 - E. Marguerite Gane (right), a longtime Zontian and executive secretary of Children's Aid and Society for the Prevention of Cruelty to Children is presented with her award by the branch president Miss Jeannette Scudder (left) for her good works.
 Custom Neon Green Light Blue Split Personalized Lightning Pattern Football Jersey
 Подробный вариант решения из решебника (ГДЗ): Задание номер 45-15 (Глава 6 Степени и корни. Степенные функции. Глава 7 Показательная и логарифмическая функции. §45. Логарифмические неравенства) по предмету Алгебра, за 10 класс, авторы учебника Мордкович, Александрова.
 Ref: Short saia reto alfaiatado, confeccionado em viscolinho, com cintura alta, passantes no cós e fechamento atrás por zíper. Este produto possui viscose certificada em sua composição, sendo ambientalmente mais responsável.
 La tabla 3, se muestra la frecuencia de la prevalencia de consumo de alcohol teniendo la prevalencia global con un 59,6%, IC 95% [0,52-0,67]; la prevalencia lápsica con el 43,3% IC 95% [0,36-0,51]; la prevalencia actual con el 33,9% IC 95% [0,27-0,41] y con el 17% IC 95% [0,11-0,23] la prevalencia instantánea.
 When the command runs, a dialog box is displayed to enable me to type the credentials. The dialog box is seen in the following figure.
──────────
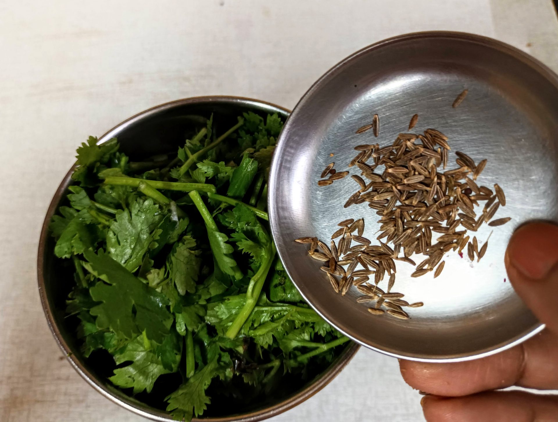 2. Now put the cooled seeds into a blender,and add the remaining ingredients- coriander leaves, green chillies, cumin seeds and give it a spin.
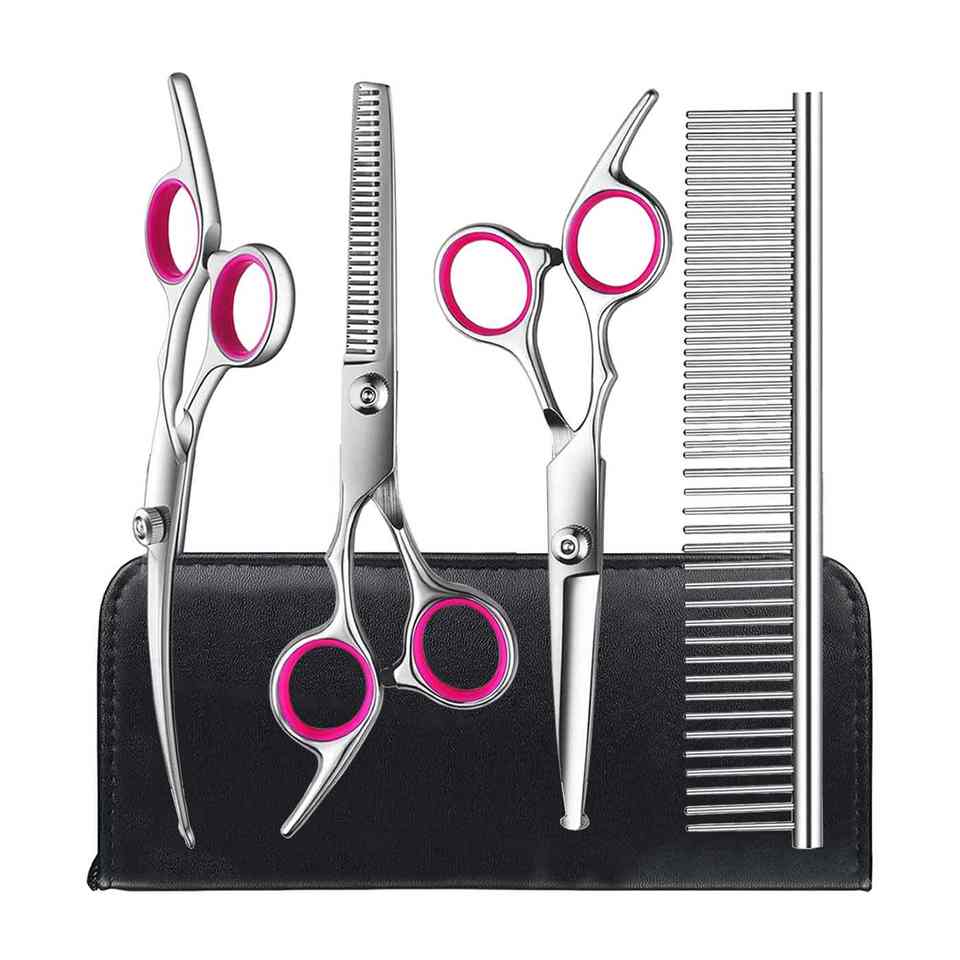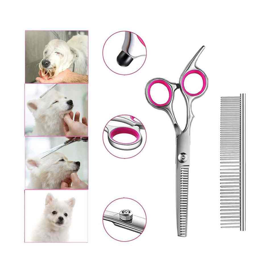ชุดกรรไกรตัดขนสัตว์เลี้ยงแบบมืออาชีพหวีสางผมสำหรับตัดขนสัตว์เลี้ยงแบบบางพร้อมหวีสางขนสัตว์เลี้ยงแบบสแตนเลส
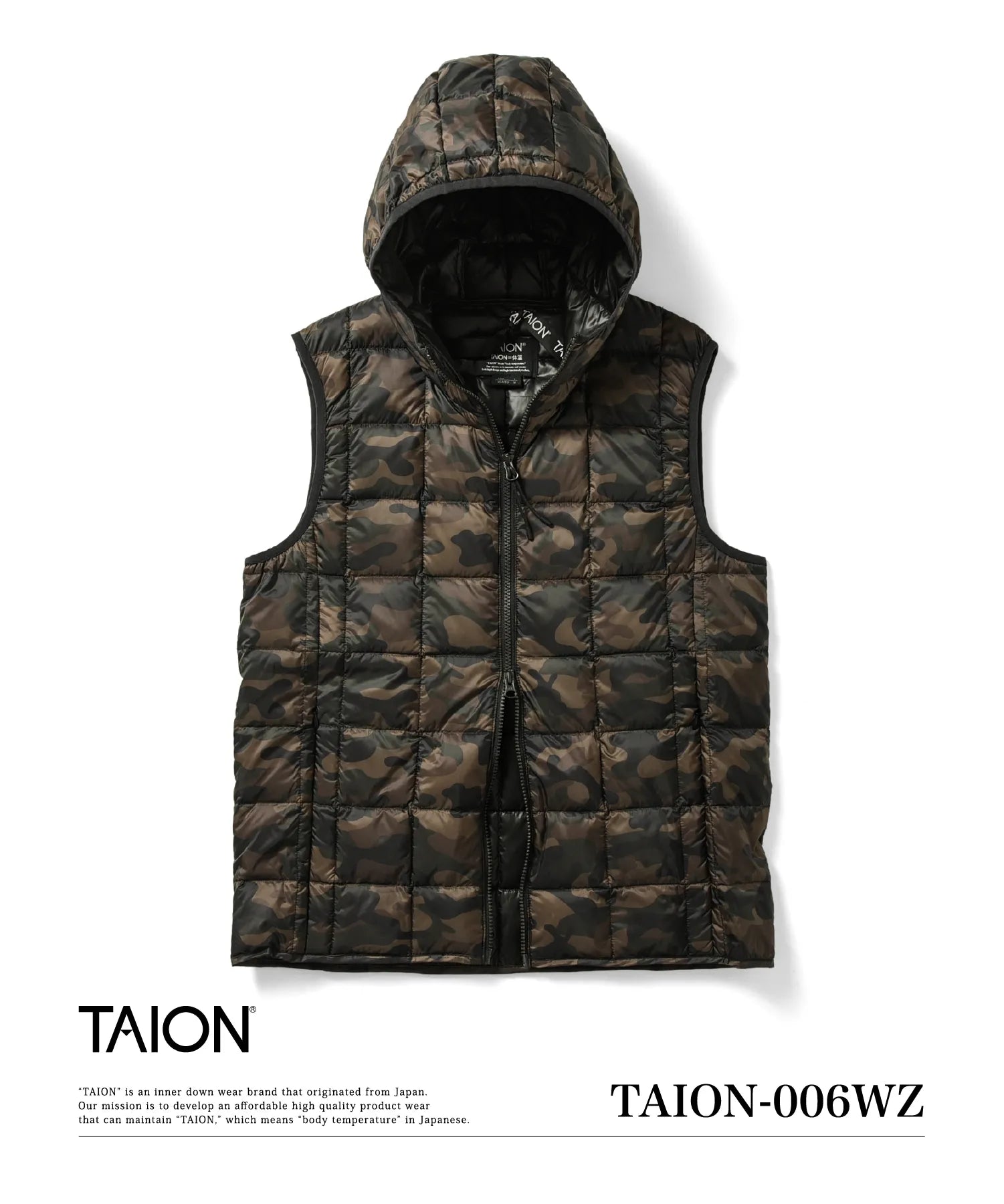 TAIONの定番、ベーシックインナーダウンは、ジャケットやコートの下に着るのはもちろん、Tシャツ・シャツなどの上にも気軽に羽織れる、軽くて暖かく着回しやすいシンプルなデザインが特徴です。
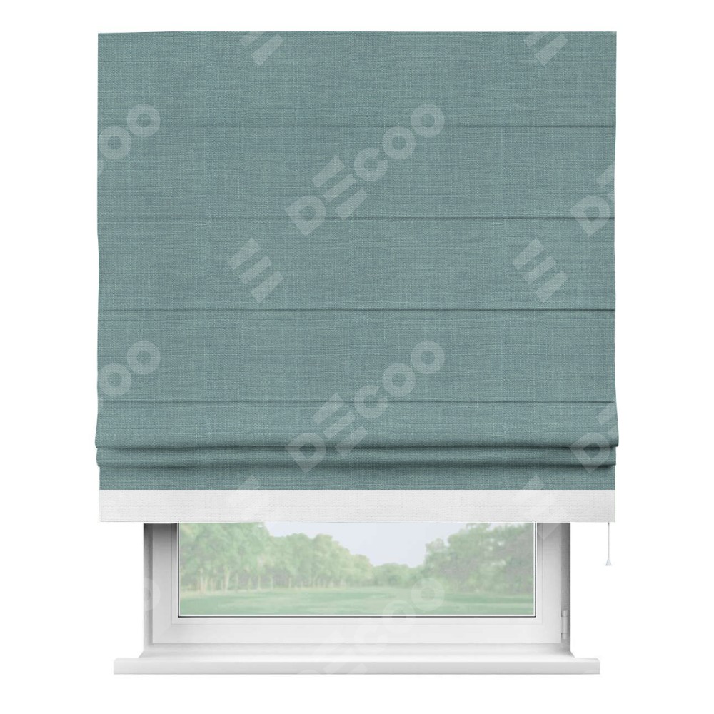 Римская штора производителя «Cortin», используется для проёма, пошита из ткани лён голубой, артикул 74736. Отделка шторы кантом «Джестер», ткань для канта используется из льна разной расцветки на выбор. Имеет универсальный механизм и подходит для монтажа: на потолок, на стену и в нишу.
──────────
→ **Work required**
Starting at the line above that holds "ชุดกรรไกรตัดขน", repeat every line exactly down to and including the line that holds "TAIONの定番、ベーシック", then stop. Do not carry over any pictures.

→ **Result of this exercise**
ชุดกรรไกรตัดขนสัตว์เลี้ยงแบบมืออาชีพหวีสางผมสำหรับตัดขนสัตว์เลี้ยงแบบบางพร้อมหวีสางขนสัตว์เลี้ยงแบบสแตนเลส
 TAIONの定番、ベーシックインナーダウンは、ジャケットやコートの下に着るのはもちろん、Tシャツ・シャツなどの上にも気軽に羽織れる、軽くて暖かく着回しやすいシンプルなデザインが特徴です。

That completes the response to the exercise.